# Sea monster captured on camera.



## rayrecrok (Nov 21, 2008)

Hi..

What the hell is this?.. caught on a ROV camera inspecting a drilling rig 5000 ft down..

I thought it was some plastic as it went past in the current, except when it saw the camera light it came back attracted by the lights.

http://www.breitbart.com/Breitbart-...er-Drilling-Camera-Catches-Giant-Sea-Creature

Put it on full screen.

Answers on a post card please.

ray.


----------



## GEMMY (Jun 19, 2006)

It' a jellyfish innit :wink: 

tony


----------



## DTPCHEMICALS (Jul 24, 2006)

Put me off paddling.

Dave p


----------



## Penquin (Oct 15, 2007)

OK, I may well be wrong but I think it's a Pyrosome - a type of Tunicate (they are closely related to chordates for various reasons).

They can be found at great depths and consist of individuals and a net structure....

http://en.wikipedia.org/wiki/Pyrosoma

have a look at this captured one which was 2.1m long.

http://www.mar-eco.no/mareco_news/2004/the_pyrosome_story

It is* NOT* a jellyfish - there is no evidence of the normal structures found in the Cnidaria.

My first thought was a SALP but on further looking the Tunicates are much more likely - you can see the cluster of structures on it's body and it is much more reactive than a jellyfish would be as they only have a very primitive nerve net and no light detecting structures.

(My degree is in Marine Biology and I have spent many years investigating marine life although NOT at 5015'.........)

If others have better clues or identities great, but my suggestion is much better than those given on the video post..........

NB Deep sea creatures are notoriously difficult to identify since we know virtually nothing about this massive area - we know more about the surface of the Moon than the bottom of the depths.......  

Dave


----------



## motormouth (Jul 3, 2010)

I think it's a Pyrosome. A pyrosome is a type of Tunicate which are closely related to chordates.

It is definitely not a jellyfish and I don't think it's a salp.






edit
Bugger, Dave beat me to it. :lol:


----------



## GEMMY (Jun 19, 2006)

Quote:

However, experts have now confirmed that the ‘sea monster’ is, in fact, a rarely studied jelly fish known as Deepstaria Enigmatica

Tony :wink:


----------



## Kev1 (Apr 4, 2011)

I reckon Penguin knows his stuff
But with a name like Penguin what do you expect


----------



## Penquin (Oct 15, 2007)

GEMMY said:


> Quote:
> 
> However, experts have now confirmed that the 'sea monster' is, in fact, a rarely studied jelly fish known as Deepstaria Enigmatica
> 
> Tony :wink:


Tony may well be right;

http://eol.org/pages/203491/overview

the Deepstaria enigmatica is unusual for jellyfish as it has what appears to be a wire netting background.....

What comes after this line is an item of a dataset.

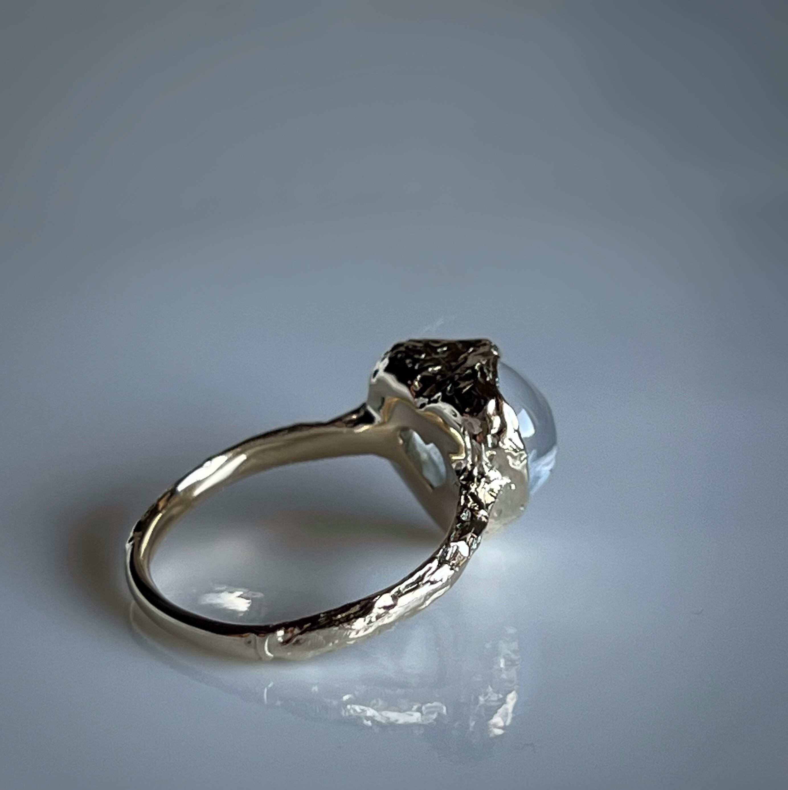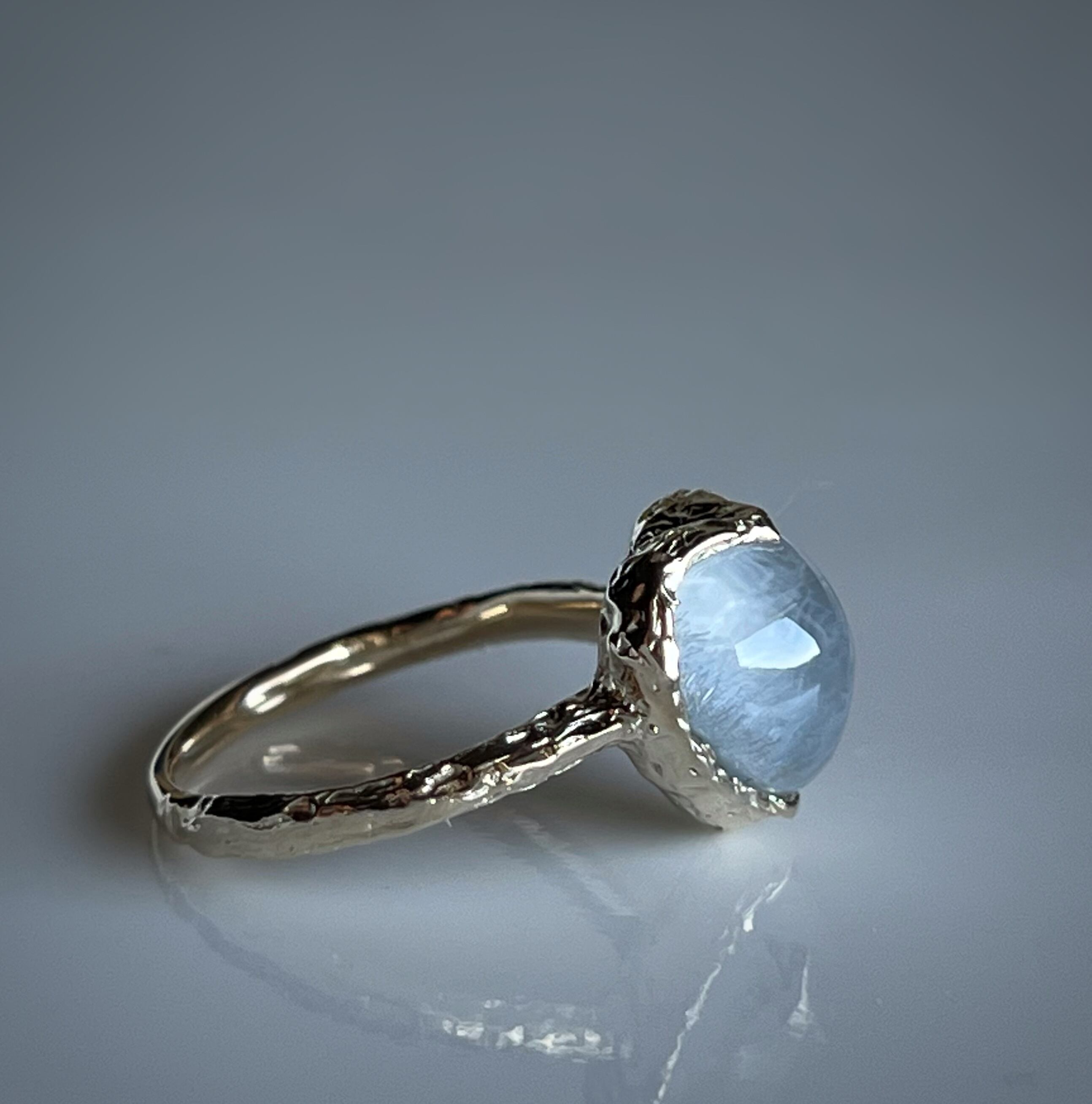 ハートシェイプのカボションカットのデュモルチェライトインクォーツをk10一点ものリングにお仕立てしました。

Thank you for pointing that out Tony, I did say I was quite prepared to be proven wrong! :lol:

Not something I have come across before and all of the linked images seem to come from the same video........

The Smithsonian Institute of Oceanography shows that it has been found in the Antartic, the Pacific and the Inidan Oceans......

http://invertebrates.si.edu/antiz/taxon_view.cfm?taxon=5849

Thanks again,

Dave


----------



## GEMMY (Jun 19, 2006)

Dave, I wouldn't have answered, if I had been incorrect, :lol: the 'object' was identified yesterday morning, before the 'quiz' :lol: :lol: :lol: 

tony


----------



## barryd (May 9, 2008)

Penquin said:


> OK, I may well be wrong but I think it's a Pyrosome - a type of Tunicate (they are closely related to chordates for various reasons).
> 
> They can be found at great depths and consist of individuals and a net structure....
> 
> ...


What he said.



motormouth said:


> I think it's a Pyrosome. A pyrosome is a type of Tunicate which are closely related to chordates.
> 
> It is definitely not a jellyfish and I don't think it's a salp.
> 
> ...


The only fish you know about are the battered variety from the White Horse Chippy in Northallerton! :lol:


----------



## motormouth (Jul 3, 2010)

Barry,
Do try and keep up.
Apparently Dave and I might have been wrong, hard to believe I know.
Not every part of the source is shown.